= Beginning of Section =

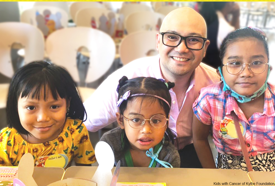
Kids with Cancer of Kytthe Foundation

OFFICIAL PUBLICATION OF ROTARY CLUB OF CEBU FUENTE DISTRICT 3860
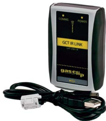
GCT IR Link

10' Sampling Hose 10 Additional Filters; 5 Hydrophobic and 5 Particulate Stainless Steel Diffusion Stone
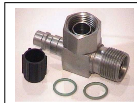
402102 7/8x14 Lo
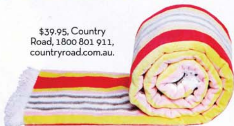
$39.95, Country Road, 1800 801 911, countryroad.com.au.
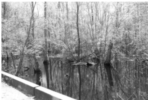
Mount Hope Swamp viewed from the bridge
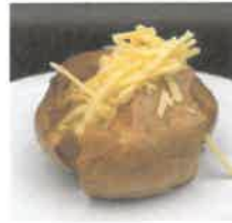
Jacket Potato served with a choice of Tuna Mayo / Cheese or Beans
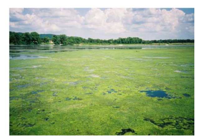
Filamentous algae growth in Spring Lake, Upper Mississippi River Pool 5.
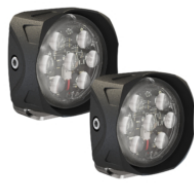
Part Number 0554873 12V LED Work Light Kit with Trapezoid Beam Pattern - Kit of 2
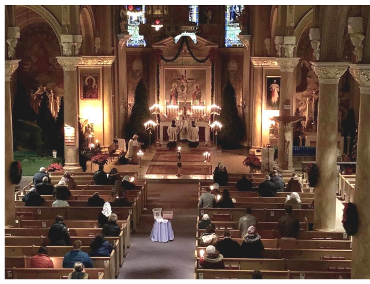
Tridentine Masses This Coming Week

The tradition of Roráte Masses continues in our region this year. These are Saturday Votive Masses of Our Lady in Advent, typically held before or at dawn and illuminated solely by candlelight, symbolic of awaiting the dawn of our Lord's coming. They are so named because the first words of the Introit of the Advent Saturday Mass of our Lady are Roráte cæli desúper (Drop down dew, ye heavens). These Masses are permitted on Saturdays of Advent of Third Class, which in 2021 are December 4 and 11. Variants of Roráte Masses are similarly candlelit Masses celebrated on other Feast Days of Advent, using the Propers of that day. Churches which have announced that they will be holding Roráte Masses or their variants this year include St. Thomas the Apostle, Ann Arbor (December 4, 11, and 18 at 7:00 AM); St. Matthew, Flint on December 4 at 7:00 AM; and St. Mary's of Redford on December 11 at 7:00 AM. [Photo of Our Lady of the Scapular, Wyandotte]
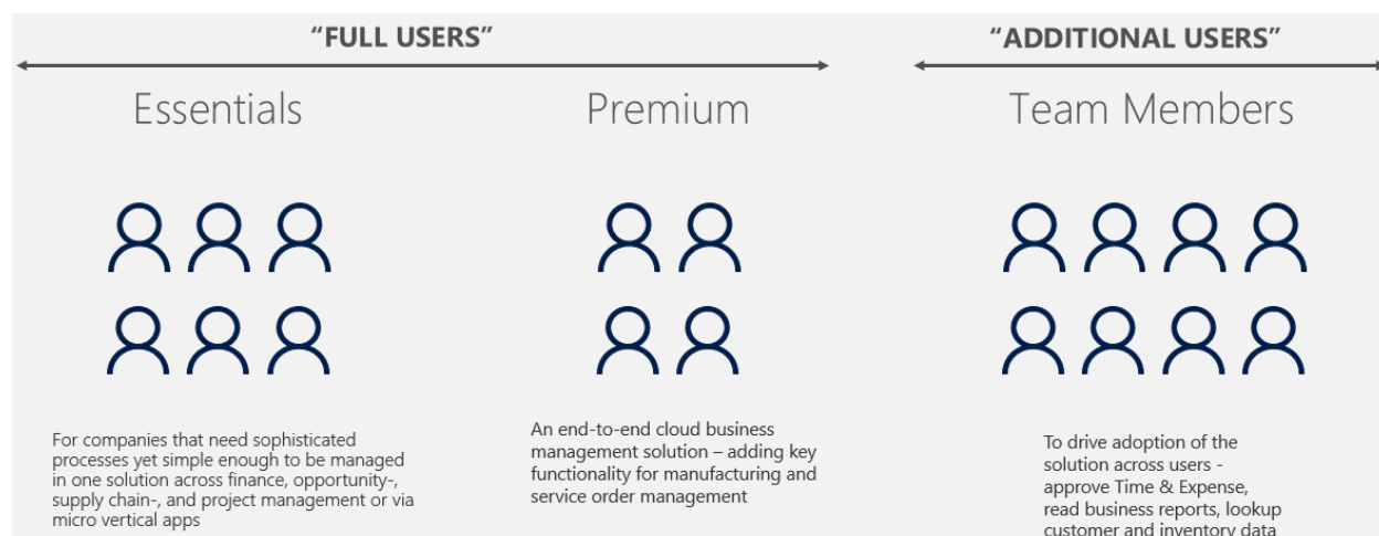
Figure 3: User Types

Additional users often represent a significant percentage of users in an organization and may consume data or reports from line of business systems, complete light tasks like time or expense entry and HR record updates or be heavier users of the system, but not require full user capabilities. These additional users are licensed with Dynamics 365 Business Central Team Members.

= End of Section =
= Beginning of Section =

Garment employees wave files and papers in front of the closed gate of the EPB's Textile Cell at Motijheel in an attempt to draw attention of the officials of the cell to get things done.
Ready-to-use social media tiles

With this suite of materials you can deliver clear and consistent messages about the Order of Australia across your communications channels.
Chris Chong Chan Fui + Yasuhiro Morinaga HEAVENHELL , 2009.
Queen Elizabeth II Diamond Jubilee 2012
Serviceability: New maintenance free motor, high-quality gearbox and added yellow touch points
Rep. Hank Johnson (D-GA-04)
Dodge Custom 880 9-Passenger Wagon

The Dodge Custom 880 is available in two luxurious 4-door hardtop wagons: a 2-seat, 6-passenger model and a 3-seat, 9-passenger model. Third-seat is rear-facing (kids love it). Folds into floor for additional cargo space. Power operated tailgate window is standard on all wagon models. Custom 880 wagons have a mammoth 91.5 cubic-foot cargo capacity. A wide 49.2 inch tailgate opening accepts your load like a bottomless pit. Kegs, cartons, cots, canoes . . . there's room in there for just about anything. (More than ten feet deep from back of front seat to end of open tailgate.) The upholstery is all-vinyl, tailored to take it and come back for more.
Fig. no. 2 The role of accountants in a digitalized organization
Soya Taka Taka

= End of Section =

Exercise brief:
Search the data above for the word "front" and report how many lines contain it, with nothing further.

Answer box:
2